And yet, leaving behind that soul twisting magic had been kinda nice. Once that particular weapon was out of Erick’s hands, it had been like laying down a bloody and effective knife; it had been cleansing.

And besides that, Erick still had lots of ways to make people more empathetic. Kinder ways. Fresher ways.

That’s what Erick focused on now.

He focused on his Lightning Path as it stretched out from him, down into the center of the battlefield and stretched out in every direction, touching everyone on the field and arcing all the way into the Benevolence Tower town, and beyond. At the same time, a spell in Erick’s core vibrated with need. With Erick’s own desire.

As warriors killed warriors, and souls vanished into the sands, the Lightning Path coalesced.

Not five minutes ago a barely-conceived solution to the problem of war among the inmates had presented itself to Erick. Now, that solution proved as easy to walk as the Path.

Erick’s Benevolence laced his words as he spoke with mana and resons,

“In thunderous words, these strifes I mend.

“With proven power, a path’s creation

“pierce hardened hearts to gently bend.

“To distant shores! To tranquil stations.

“These souls released, on love we send

“down life's grand cycles; a Grand Reincarnation.”



A lot of things happened all at once.

The spell did not take just from Erick’s Mana. It took from his Health and Psyche, too.

White Benevolence arced down from all of Erick’s Everything, into the center of the battlefield where it split and hit Totte and the man she had just killed, ripping both of their souls out of their bodies and ashing what was left. The ash rapidly turned to plants. The lightning did not stop. It continued right down both sides of the conflict, hitting people in the heart, or head, or leg, and then traveling out the other side, where it split again, and arced further.

That lightning then flowed into the sky, worming through cracks in reality here and there like it was struggling to escape, but escape it did.

Erick’s body automagically created the magic he had done, marking it down as a Benevolence crystal inside his soul, and words popped up. Erick had not consciously done that. He had been prepared to do that, but he had not actually done that.

Grand Reincarnation, instant, special range, 500/500/500/100 resources/resons per target

Bestow bountiful existences upon a set of targets.

May those so touched by your power forever find themselves on a Benevolent Path.

May their new forms fit them better than the ones that came before.

For some reason the ‘spell creation message’ wasn’t there, which was fine. That was marginally less concerning than the fact that the spell had made itself into a pressable ‘button’. At least the spell cost went down from 5,000 per person, to 500 Mana, Health, and Psyche. Probably because Erick had no control at all over any part of this spell. People were getting put into the multiverse left and right, zapping away to Fractal or Darkness knew where, being placed in bodies that Erick had no control over at all.

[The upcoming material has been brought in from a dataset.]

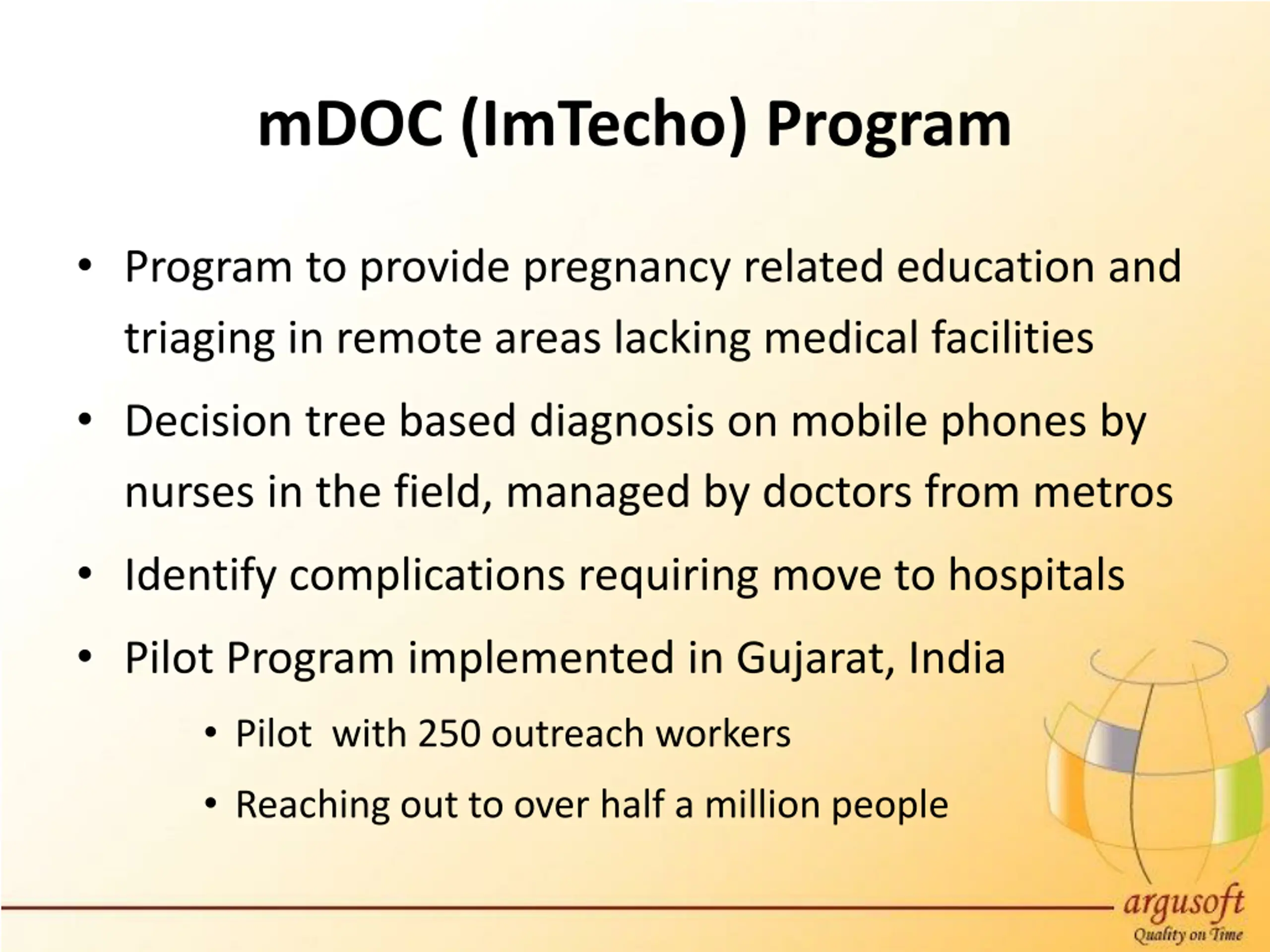 mDOC (ImTecho) Program Program to provide pregnancy related education and triaging in remote areas lacking medical facilities Decision tree based diagnosis on mobile phones by nurses in the field, managed by doctors from metros Identify complications requiring move to hospitals Pilot Program implemented in Gujarat, India Pilot with 250 outreach workers Reaching out to over half a million people

Hopefully the people had some control over the spell themselves.

“Solidisuoskai.”

“Ah. So... was that an insult, or something else, to call you ‘Solid Sky’?”

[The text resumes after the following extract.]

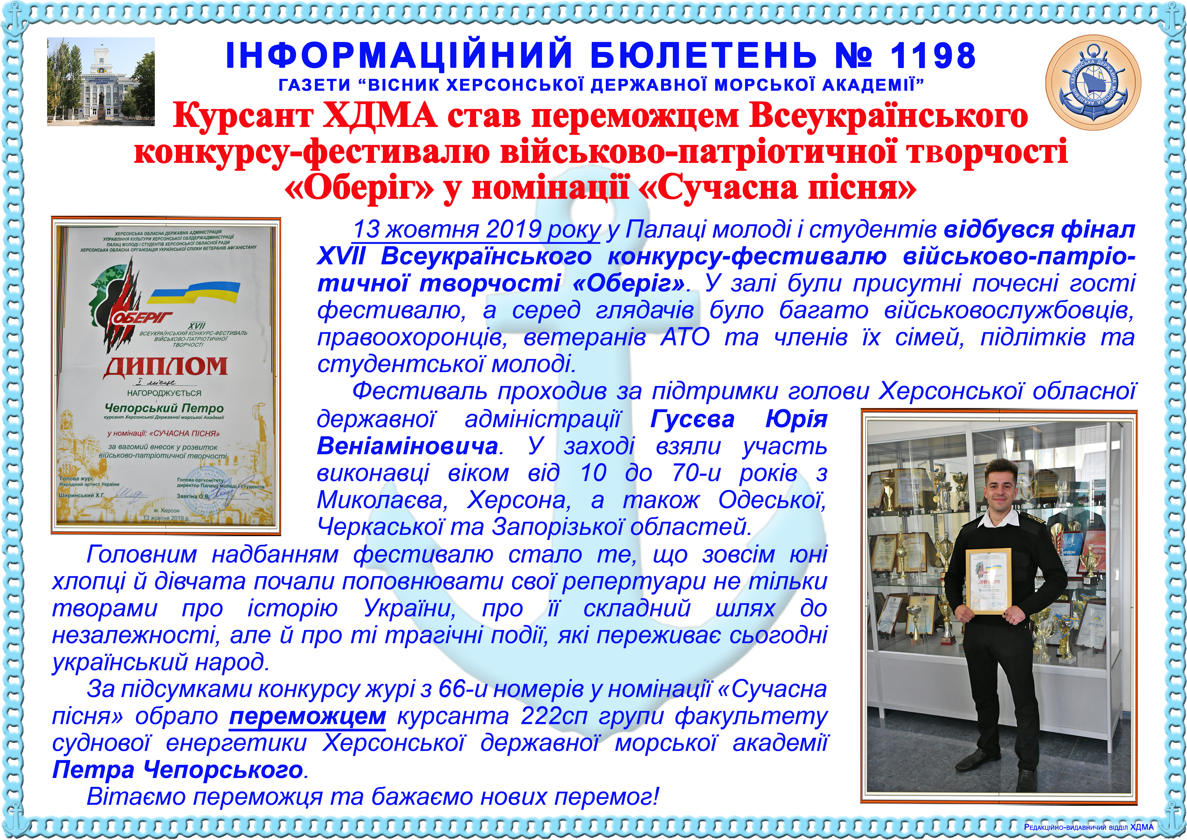 http://repnew.ksma.ks.ua/jspui/handle/123456789/1799| Title: | Інформаційний бюлетень № 1198 Курсант ХДМА став переможцем Всеукраїнського конкурсу-фестивалю військово-патріотичної творчості «Оберіг» у номінації «Сучасна пісня» |

“... I was 750 years old when they captured me on a world far from here and stuffed me into this wall of Da'luwe. This was 5,000 years ago. I am beyond insults and... beyond my homeland a great deal. I had thought I was fond of captivity but... I am not. I wish to be done with this conversation and to escape while you and Eldawae are distracted with each other. May I go?”

“After you tell me what I should know about Eldawae.”

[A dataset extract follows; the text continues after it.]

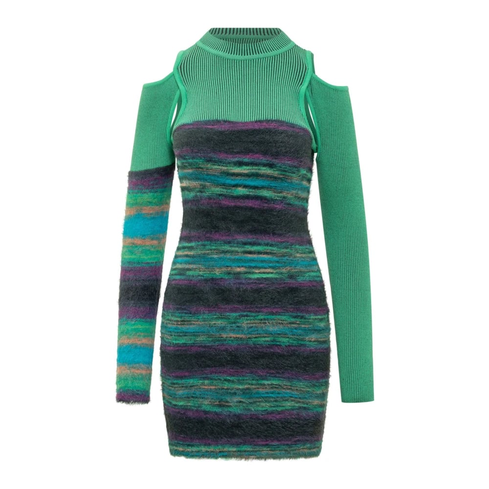 Andersson Bell, Kjoler , Dame, Flerfarvet, M, Uld, Grøn Mini Kjole med Stilfulde Udsmykninger og Stribet Mønster

“... He is a hermit, at heart. He wants power, and to go unnoticed. The biggest advantage you have right now is that you have ended a war in his lands and set up these lands for a better future for all further inmates who should fall here.”

“I was going to go with ‘you’re only making 50k resons per day, anyway, so what’s the big deal’.”

“... He’s making a lot less than that right now...” Solidisuoskai looked beyond Erick, at the large dome tower, saying, “Uhh—”

Evil Death blasted out of the central dome, casting wide and far, shattering the double door of the dome off its hinges and then disintegrating the door into metal shavings that rusted and fell apart, to wash like red sand upon Erick. Solidisuoskai escaped that wash of black-grey power and then the red wave, hiding behind Erick until the worst of it passed, and then fleeing as fast as he could flee directly away from Eldawae and the sandification of the entire central square of the center city. Black and grey pillars turned to rubble and collapsed in every direction, except in one, over there, far beyond a low hill on the other side of this starting combat.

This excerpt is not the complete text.